Unionistas de
Salamanca 1 – 1 Deportivo de La Coruña (pen.8-7)
Hay situaciones que me incomodan, episodios que trato de
evitar a toda costa pero que, en ocasiones, son inevitables. Ir a un
espectáculo de hipnosis y ser el elegido para subir a la tarima. Mantener
conversaciones en las salas de espera. Encontrarme a alguien que hace años no
veo en el supermercado, saludarle efusivamente y seguir reencontrándonos en
cada pasillo. Jugar al fútbol. Mejor dicho, volver a jugar al fútbol. Me da
mucha fatiga la hombría de quienes se saben más hábiles con la pelota, la
sobredosis de testosterona de los machos alfa del tiqui-taca. Una de las decisiones más acertadas de mi vida fue mi
temprana retirada del mundo del balompié.

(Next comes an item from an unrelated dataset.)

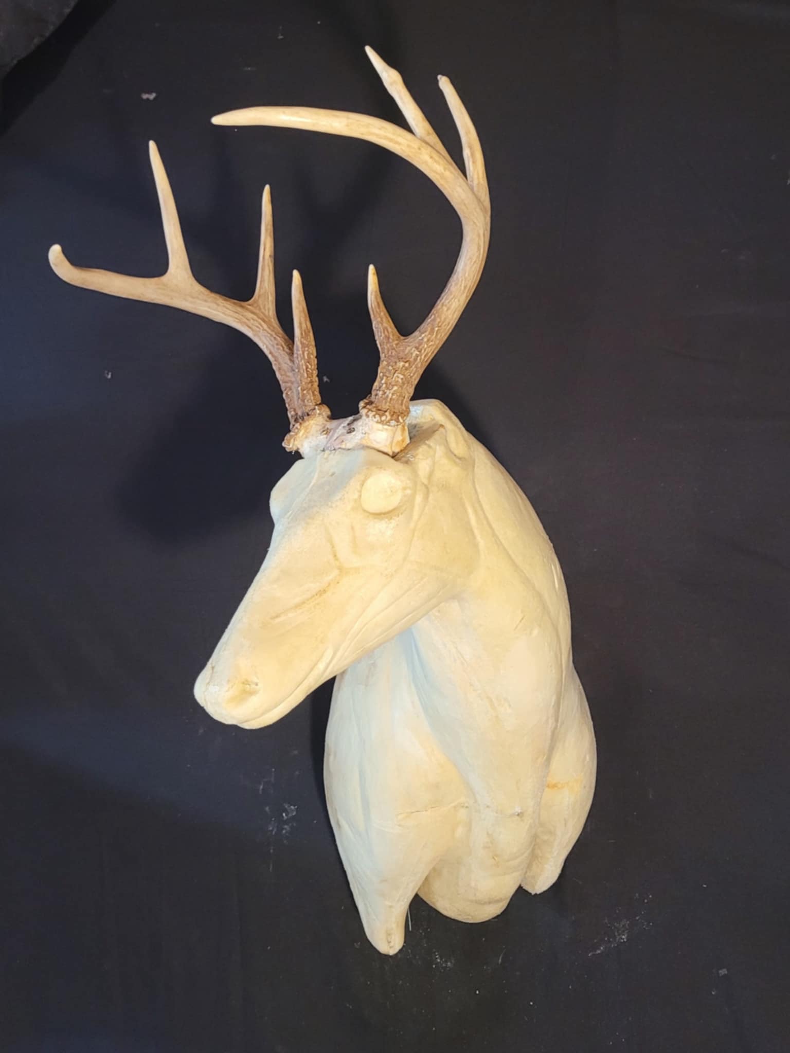This was a deer form I hand sculpted for my son, Rocco's first big buck. This is a pedestal RIGHT turn head down form. This won a Masters First Place ribbon at the Ohio Taxidermy Association Show.

Una salida por la puerta de atrás ya que mi biografía
futbolística carece de momentos para ser recordados. A las cuatro y cuarto,
cada jueves, compartíamos patío con el otro curso y, como siempre, teníamos que
disputar nuestro particular derbi. Siete contra siete. Éramos más niños que
plazas para jugar por lo que sabías de inmediato, que los tuercebotas como yo íbamos a quedar relegados al banquillo
esperando una oportunidad que, en mi caso, no buscaba. Prefería quedarme fuera
mirando. Y así, apartado de las pasiones del duelo, tuve una revelación: en el
fútbol, lo más importante es la victoria y no hay lugar para la compasión. Si
tenía que jugar era porque no quedaba otro remedio o porque los profesores
censuraban, de tarde en tarde, la exclusión del patán.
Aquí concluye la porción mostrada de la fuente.